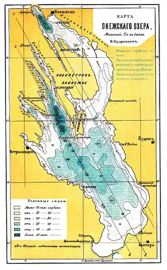 В 1874—1894 годах состоялась гидрографическая экспедиция «Отдельная съёмка Онежского озера», организованная Морским министерством Российской империи с целью проведения топографической съёмки прибрежной полосы, промера глубин, изучения донных отложений, течений, термического и уровенного режимов Онежского озера. В результате исследований была составлена генеральная карта озера «Руководство для плавания в Онежском озере». Навигационные карты впервые были изданы в 1906 году и в дальнейшем неоднократно уточнялись и перепечатывались[12].
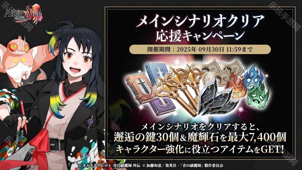 为纪念《AlternaWelt -青之驱魔师 外传-》正式开服,游戏内将限期举办以下活动。
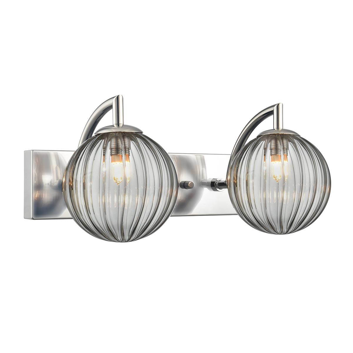 Globe Twin Polished Nickel Bathroom Wall Light With Smoked Ribbed Glass
========
▶ **Aim of the exercise**:
In transcribing the listing, keep each word as it is and drop the pictures.

▶ **Task output**:
 В 1874—1894 годах состоялась гидрографическая экспедиция «Отдельная съёмка Онежского озера», организованная Морским министерством Российской империи с целью проведения топографической съёмки прибрежной полосы, промера глубин, изучения донных отложений, течений, термического и уровенного режимов Онежского озера. В результате исследований была составлена генеральная карта озера «Руководство для плавания в Онежском озере». Навигационные карты впервые были изданы в 1906 году и в дальнейшем неоднократно уточнялись и перепечатывались[12].
 为纪念《AlternaWelt -青之驱魔师 外传-》正式开服,游戏内将限期举办以下活动。
 Globe Twin Polished Nickel Bathroom Wall Light With Smoked Ribbed Glass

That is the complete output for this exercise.